Control plane node size

vCPUs per node

Memory per node

Maximum vSphere Pods

Tiny

2

8 GB

1000

Small

4

16 GB

2000

Medium

8

24 GB

4000

Large

16

32 GB

8000

The compute resource requirements for three Supervisor Cluster control plane nodes at the recommended small sizing starting point is 12 vCPUs and 48GB of memory. Within that compute footprint, you can run up to 2000 vSphere Pods. If you want to scale that up to 8000 vSphere pods within that Supervisor Cluster, the aggregate compute resource requirements for the control plane increases to 48 vCPUs and 96GB of memory. At the resource levels required to effectively run 8000 vSphere Pods and the user workloads contained therein, this is a good option to keep the Supervisor Cluster operating effectively.

You can also scale up individual worker nodes in a Supervisor Cluster. Those worker nodes are the ESXi hosts that make up the vSphere Cluster. You can scale a cluster up without incurring additional licensing cost by increasing the number of physical cores, up to 32 cores per socket before additional licensing is required, and the amount of physical memory in each ESXi host. Since this design recommends for at least N+1 sizing within the Supervisor Cluster, you can perform rolling hardware upgrades until each ESXi host is upgraded.

Scaling up NSX resources for the software-defined network, load balancers, NAT, and so on, is less effective than doing so with compute resources. To support activation of a Supervisor Cluster, the associated NSX Edge cluster nodes must already be sized large at a minimum. You do not have much room to expand into those deployed NSX Edge cluster nodes. Scaling out is much more effective here.

Scaling up GPU resources on an existing vSphere Cluster depends on the amount of GPUs that the physical server can have, power, and cool. A homogenous GPU configuration within the same cluster streamlines resource allocation, workload distribution, and troubleshooting processes.

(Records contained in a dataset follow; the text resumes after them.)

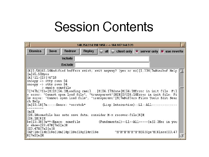 This shows the printable characters from the server->client traffic for a telnet session. In this case, the target was using “emacs”, which uses terminal escape-sequences to manipulate the appearance of the screen/terminal emulator. This makes it ha
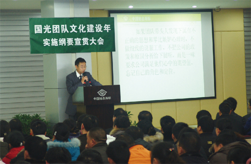 隨著企業(yè)的進一步壯大,營銷模式逐步轉(zhuǎn)型,技術(shù)服務(wù)的加強,國光品牌有了進一步的提升。同時注意到國內(nèi)一些企業(yè)在短期行為的驅(qū)使下,不重視產(chǎn)品質(zhì)量、不講誠信,導(dǎo)致企業(yè)壽命短。而世界上重視產(chǎn)品質(zhì)量和品牌的知名企業(yè)大都有百年以上的歷史。國光基于這些感悟,在總結(jié)國光發(fā)展的成敗得失和類比剖析同行業(yè)基礎(chǔ)上,形成了『做百年、做品牌』的國光企業(yè)理念,并用這一理念去指導(dǎo)、規(guī)范『做質(zhì)量、做誠信、做特色、做服務(wù)、做祥和、盡社會責(zé)任、重企業(yè)文化、重人才培養(yǎng)』的子理念行為,從而達到用品牌取勝,百年不衰。
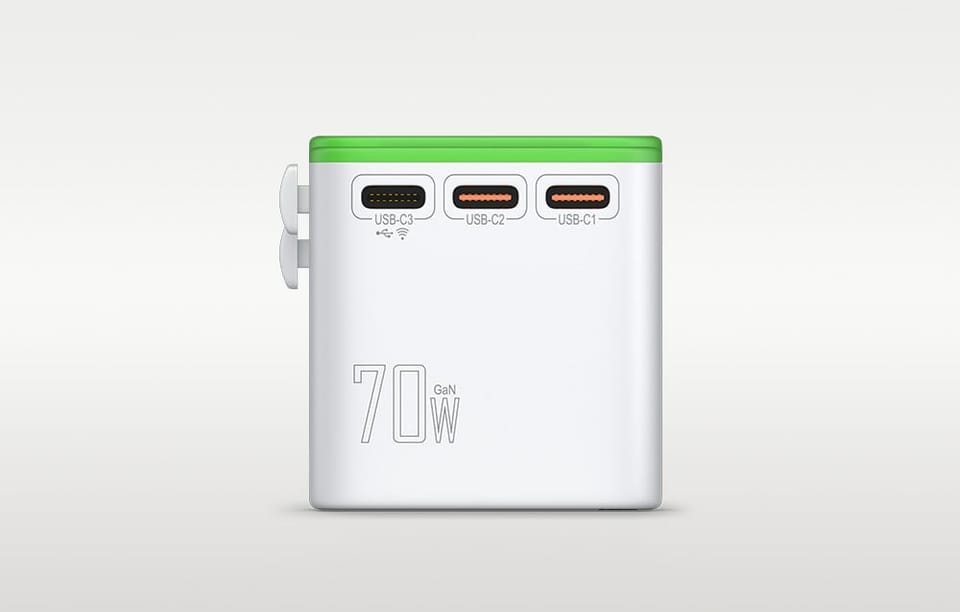 Adapter Roamplug zapewnia maksymalną moc wyjściową 70 W, a dzięki czterem dostępnym portom (3x USB-C, 1x USB-A) pozwala na zasilanie kilku urządzeń jednocześnie. Obsługuje też wiele standardów szybkiego ładowania, takich jak PD3.0, QC4.0, FCP, AFC czy PPS. Możesz więc w mgnieniu oka przygotować swój tablet, telefon lub laptopa do dalszej pracy!
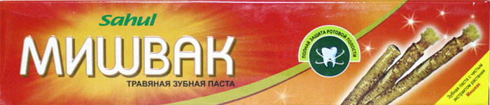 Аюрведична трав'яна зубна паста "Mишвак" призначена для чищення зубів і масажу ясен. В'яжучі і бактерицидні властивості зубної пасти "Mишвак" скорочують карієс зубів, захищають ясна і запобігають хворобам зубів, створюють приємний запах у роті, залишаючи солодкий присмак анісу. "Mишвак" містить природні травянные ингридиенты.
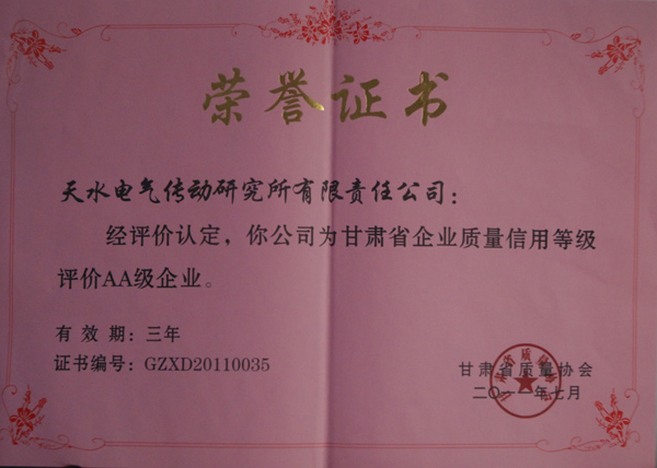 7月2日至3日,甘肃省质量兴企、质量诚信建设和名牌战略推进大会在兰州召开,会议公布了2009年和2010年全省企业质量信用等级评定结果,长城电工系统天水长城开关厂有限公司、天水二一三电器有限公司和天水电气传动研究所有限责任公司等三户全资子公司获AA级质量信用等级。
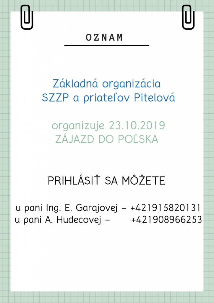 ZO SZZP a priateľov organizuje zájazd do Poľska dňa 23.10.2019
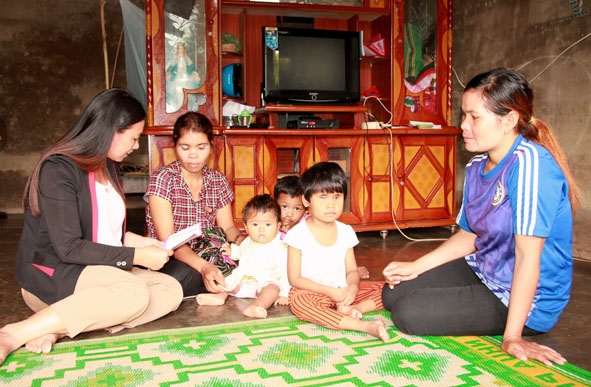 | Cán bộ dân số đến tận nhà tuyên truyền, vận động chị Lò Thị Mỹ thực hiện KHHGĐ. |
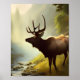Majestic elk drinking at a forest stream - a digital painting created using AI generating software.
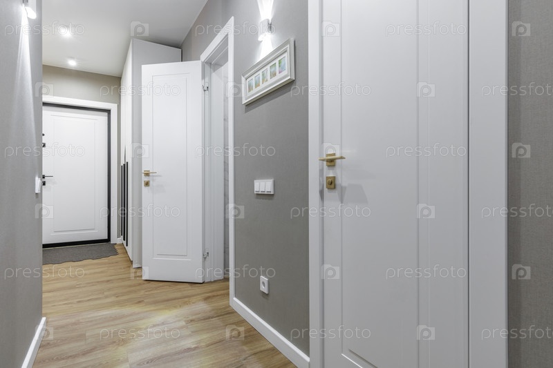 Современный коридор в квартире с белыми дверями и деревянным полом

Scaling Out Within a VI Workload Domain

There are multiple ways in which resources can be effectively scaled out within a VI workload domain. The primary approach is to scale out a Supervisor Cluster by adding ESXi hosts. This approach is effective only to a certain point, at which time adding vSphere Clusters to the workload domain and activating them as Supervisor Clusters is the preferred method. The point at which this method becomes necessary depends on many factors, including but not exclusively:

  • Availability – placing many eggs into a single basket, some applications might require scale outside of a single Kubernetes cluster or a fault domain.
  • Manageability – time to remediate when applying updates or upgrades, complexity of many namespaces or tenants within a domain.
  • Performance – noisy neighbors, overloading individual components (network, CPU, memory), scalability limits within the domain.
  • Recoverability – loss of the entire fault domain in larger clusters drives up recovery time, recovery point objectives are harder to meet with more backup activity within a domain.
  • Security – separation of duties, RBAC.

When you decide to add another vSphere Cluster for use as a Supervisor Cluster, you have to decide how to scale your NSX Edge cluster resources, as well. Additional Supervisor Clusters within the VI workload domain must have their own set of software-defined network (SDN) components, so you must instantiate a new NSX Edge cluster. At this point, you have two choices:

  • Deploy an additional NSX Edge cluster within the workload domain with an additional Tier-0 Gateway, or

  • Deploy an additional NSX Edge cluster without the Tier-0 Gateway and attach a Tier-1 Gateway running on the NSX Edge cluster to the Tier-0 Gateway running on the original NSX Edge cluster.

This also applies in the case where software-define networking resources are scaled out by adding another NSX Edge cluster without adding more compute resources with an additional Supervisor Cluster. The Tier-0 Gateway in NSX provides dynamic routing from the SDN to the top-of-rack switches. In this case, it might be additional management overhead without much benefit. The opposite side of that manageability argument is consistency across NSX Edge cluster deployed in the environment. Aberrant configurations can make troubleshooting harder, especially if the SDN environment is not well-documented.